Homoclinic/heteroclinic bifurcations: fat horseshoes

Before continuing with our discussion of homoclinic/heteroclinic bifurcations associated to periodic points inside horseshoes, let me make a few “organizational” comments about the current series of posts. By the time I announced this series, I was planning to post 5 texts because this is how the content was “thematically organized” in my mind. However, it turns out that this thematic organization is not very good because it makes the current post extremely short and the next “final” one very big.
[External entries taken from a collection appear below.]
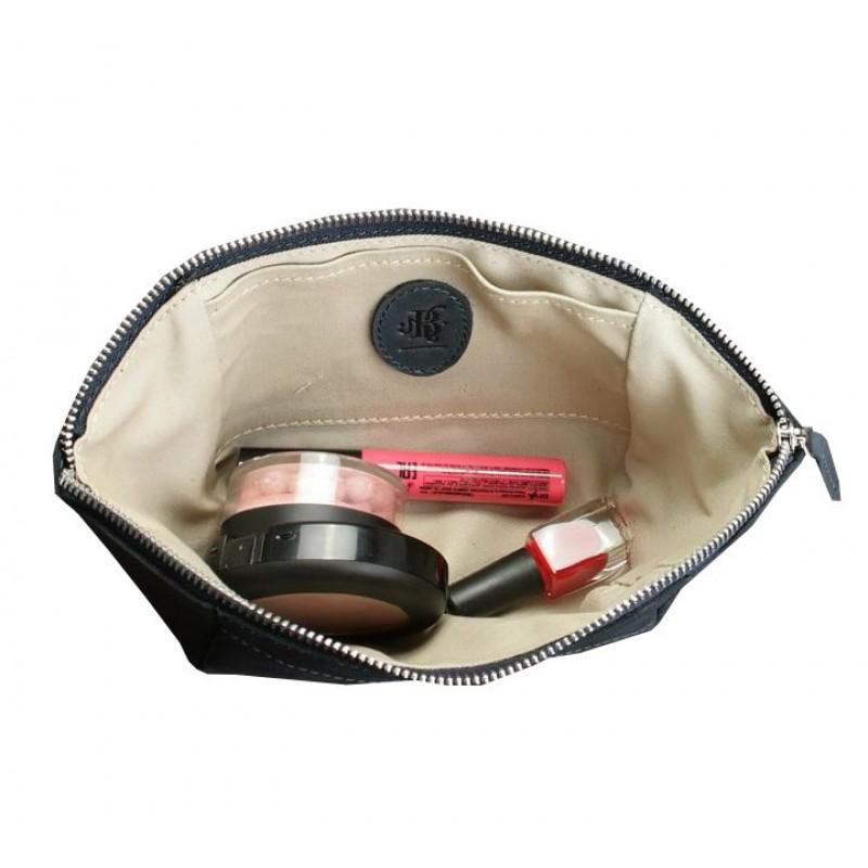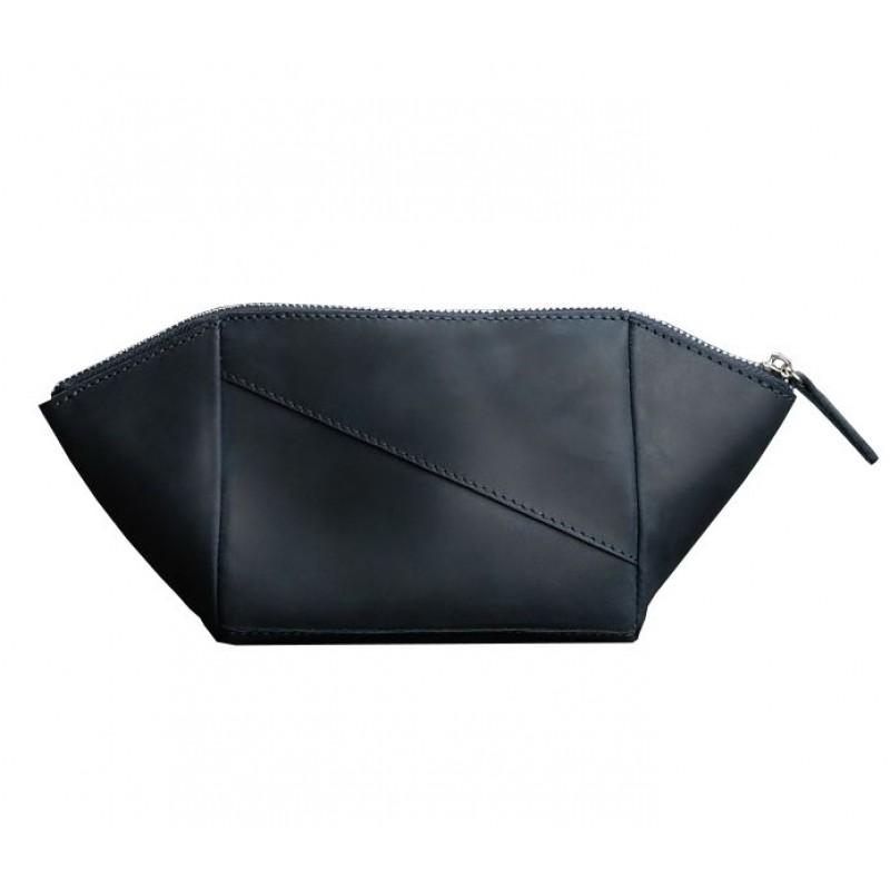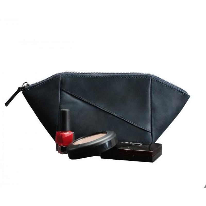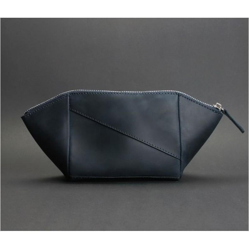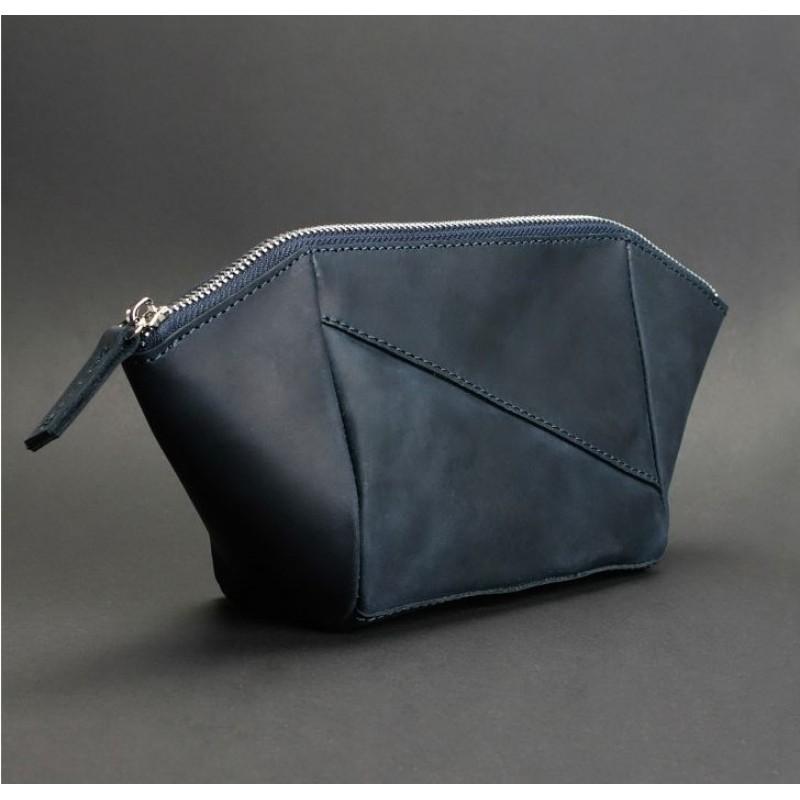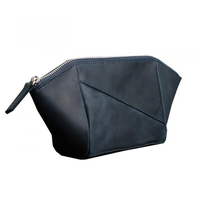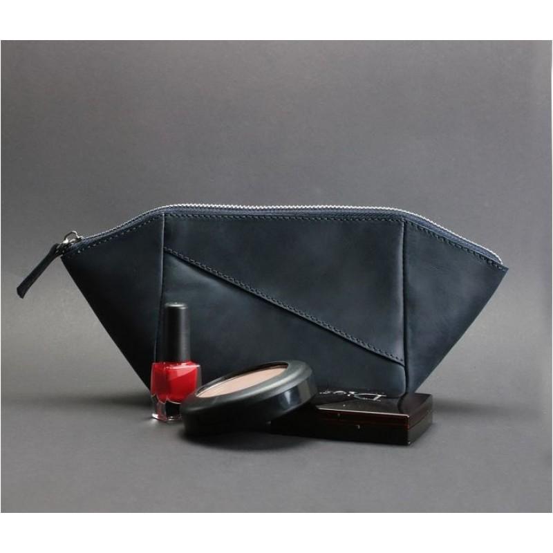 Косметичка из натуральной кожи (темно-синяя) кожа Crazy Horse
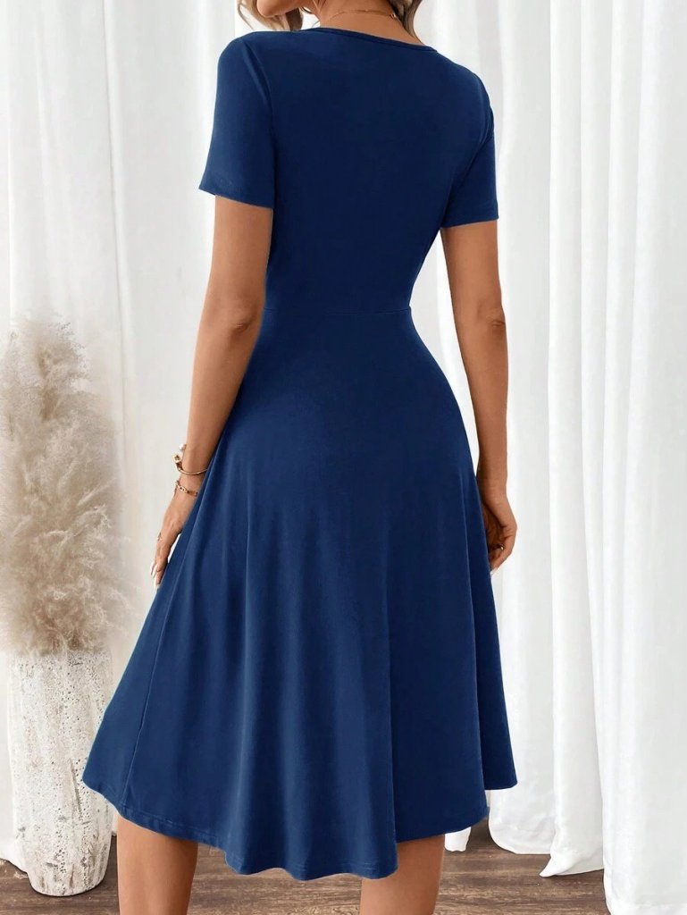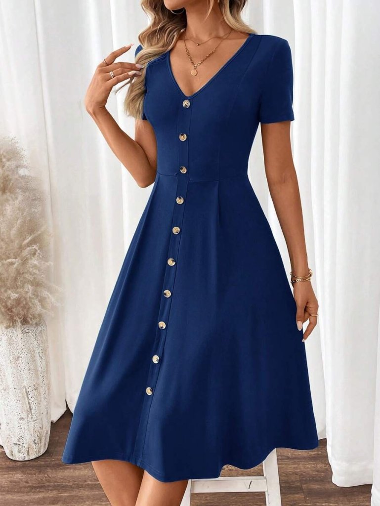 Kadın Kısa Kollu V Yakalı önden Düğmeli A Kesim Dokuma Elbise
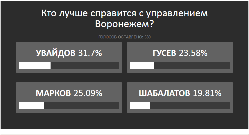 Вопрос портала «Блокнот Воронеж» звучал так: «Кто лучше справится с управлением Воронежем?»
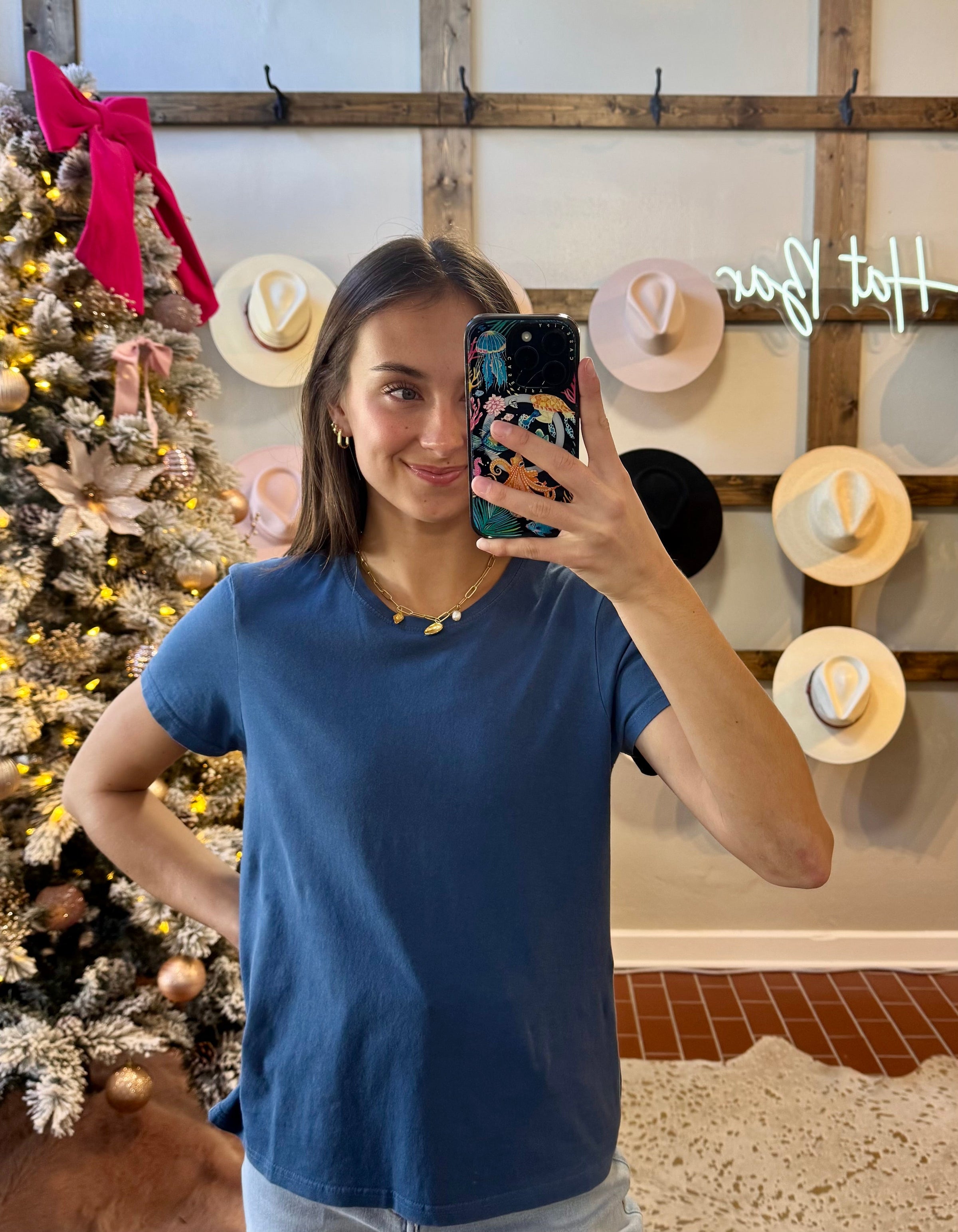 Embracing timeless elegance with the UNITY top in designer colors, featuring a crew neck and short sleeves in a classic fit, crafted from 100% cotton for unparalleled comfort and breathability.
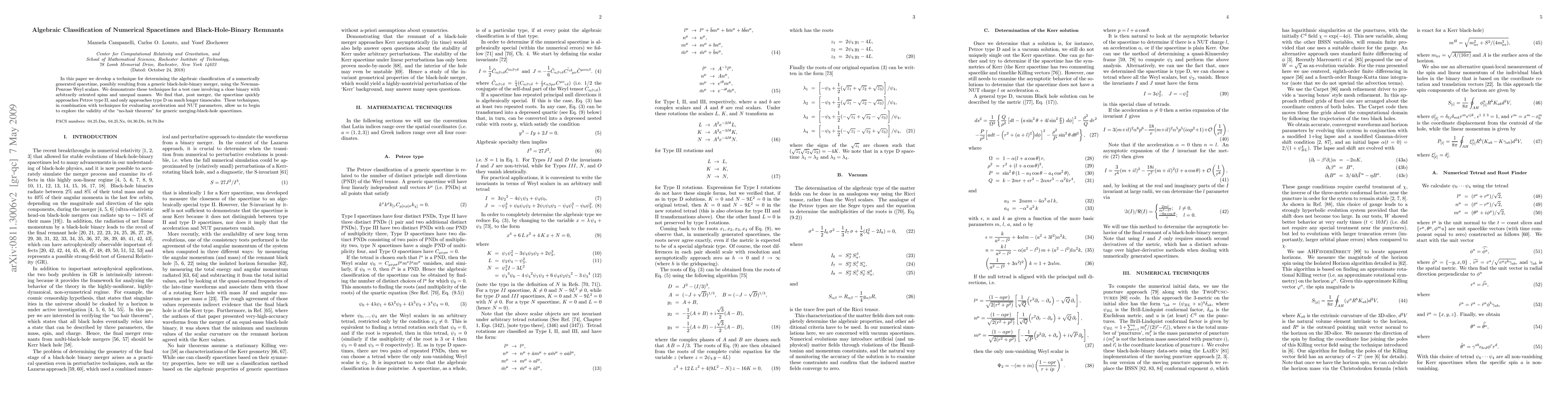 This paper introduces a method for classifying numerical spacetimes from black-hole-binary mergers using Newman-Penrose Weyl scalars, showing that post-merger spacetimes quickly become Petrov type II and only transition to type D over long periods. This classification aids in assessing the "no-hair theorem" for merging black-hole systems.
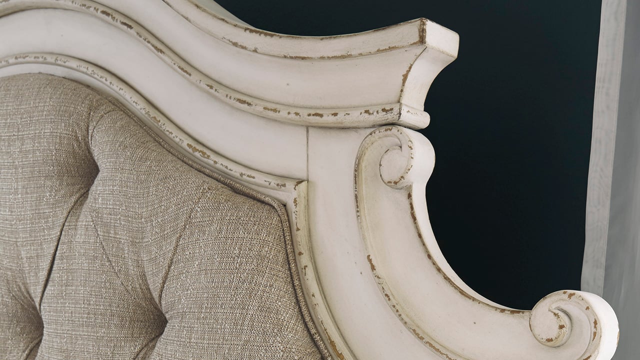 Realyn Full Size Bedroom Set by Ashley Furniture. Upholstered Headboard with Button Tufted Accents. Antique White. Includes Bed, Dresser with Mirror, Nightstand.
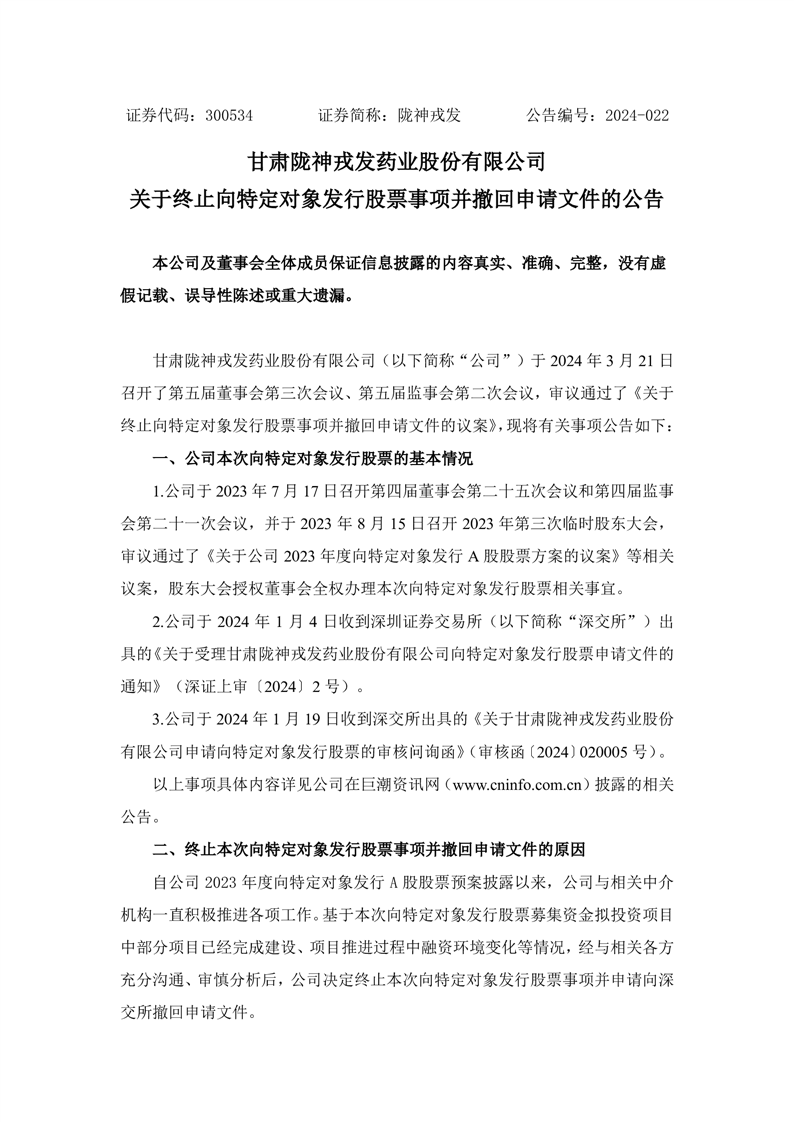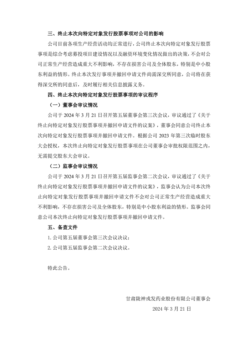 關于終止向特定對象發行股票事項并撤回申請文件的公告

So, after struggling a little bit with the texts, I decided that I’ll keep this post very short, but I’ll break up the “final text” – announced under the title “Homoclinic/heteroclinic bifurcations: slightly fat horseshoes” – into two posts, namely, “Homoclinic/heteroclinic bifurcations: slightly fat horseshoes A” (where we will discuss the Palis-Yoccoz article on non-uniformly hyperbolic horseshoe) and “Homoclinic/heteroclinic bifurcations: slightly fat horseshoes B” (a sort of research announcement where some results about the Hausdorff dimension of non-uniformly horseshoes are outlined).

Now, let us get back to the main topic.

Consider again the setting (and notations) from the previous posts: {f:M\rightarrow M} is a {C^2}-diffeomorphism of a surface {M} with a horseshoe {K} and a periodic point {p\in K} whose stable and unstable manifolds have a quadratic tangency at some point {q\in M-K}. Consider again {U} a sufficiently small neighborhood of {K} and {V} a sufficiently small neighborhood of the orbit of {q}, and let’s fix {\mathcal{U}} a sufficiently small {C^2}-neighborhood of {f} organized into the open sets {\mathcal{U}_-} and {\mathcal{U}_+} and the codimension {1} hypersurface {\mathcal{U}_0} depending on the relative positions of {W^s(p_g)} and {W^u(p_g)} near {V}.

Organization of the parameter space {\mathcal{U}}.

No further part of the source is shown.